Data for this task -
--- START ---
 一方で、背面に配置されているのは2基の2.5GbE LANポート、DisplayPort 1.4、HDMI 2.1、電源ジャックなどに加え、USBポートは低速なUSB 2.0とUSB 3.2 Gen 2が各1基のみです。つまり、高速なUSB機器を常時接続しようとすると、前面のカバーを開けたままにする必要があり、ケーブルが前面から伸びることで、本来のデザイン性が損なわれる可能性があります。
--- END ---
--- START ---
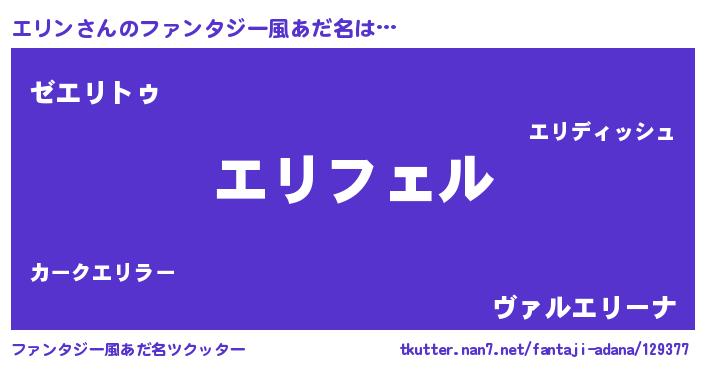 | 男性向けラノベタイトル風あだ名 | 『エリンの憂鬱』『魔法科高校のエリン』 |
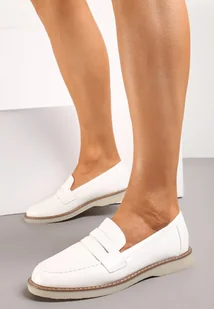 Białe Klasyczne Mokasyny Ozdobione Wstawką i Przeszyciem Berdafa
--- END ---
Task to carry out - Within the listing above, print exactly the stretch beginning at the line that contains "男性向けラノベタイトル風あだ名 | 『エリンの憂鬱』『魔法科高校のエリン』 |" and finishing at the line that contains "Białe Klasyczne Mokasyny", ends kept, pictures left out, and nothing more.

Task answer -
 | 男性向けラノベタイトル風あだ名 | 『エリンの憂鬱』『魔法科高校のエリン』 |
 Białe Klasyczne Mokasyny Ozdobione Wstawką i Przeszyciem Berdafa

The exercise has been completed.